Dor Lombar: Os 7 Erros Que Deve Evitar

A dor lombar é uma situação muito comum.


Se sofre de dor lombar fique a saber que não está sozinho(a). As investigações científicas recentes indicam que entre 60 a 80% das pessoas terão, pelo menos, um episódio de dor lombar ao longo da sua vida.


É certo que a maior parte dos episódios de dor lombar são benignos e limitados no tempo (alguns dias/semanas). No entanto, se sofreu (recentemente), ou sofre de dor lombar deve saber que as estimativas apontam para um risco de 60 a 70% de desenvolver um novo episódio de dor lombar no prazo de 12 meses e de 80 a 85% de recorrência ao longo da sua vida.


Infelizmente, cerca de 10 a 20% destes casos irão evoluir mesmo para uma dor dor crónica persistente. Estes dados não deverão assustar quem está a sofrer de dor lombar, no entanto, devem consciencializar para um problema real de recorrência com episódios repetitivos.

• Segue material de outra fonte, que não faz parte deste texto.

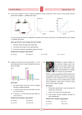 7. Sınıf Fen Bilimleri Deneme Sınavı - 19

Dor lombar: 7 erros comuns que podem atrasar a sua recuperação



1. Prolongar o repouso (para além do necessário)


Quando aparece a dor lombar é natural e expectável que faça repouso (descansar faz mesmo sentido numa fase inicial para aliviar os sintomas). No entanto, a evidência científica é clara: o repouso prolongado na dor lombar está associado a maior rigidez e mais dificuldade em retomar o ritmo normal posteriormente. Em alguns casos, o repouso excessivo pode mesmo levar a um atraso de semanas no processo de recuperação. Tendo isto em consideração:


Quando é que o repouso deixa de ajudar e começa a atrasar o processo de recuperação da dor lombar?


Para tomar esta decisão deve ser tido em conta a causa da dor lombar, as limitações reais apresentadas, a forma como o corpo está a reagir e o tipo de atividades que foram reduzidas. Na verdade não existem dois casos iguais. O que para uma pessoa pode ser um período adequado de descanso para outra poderá ser repouso excessivo. Infelizmente, para a maior parte das pessoas que sofrem de dor lombar as decisões de repouso e início da atividade são tomadas de forma intuitiva.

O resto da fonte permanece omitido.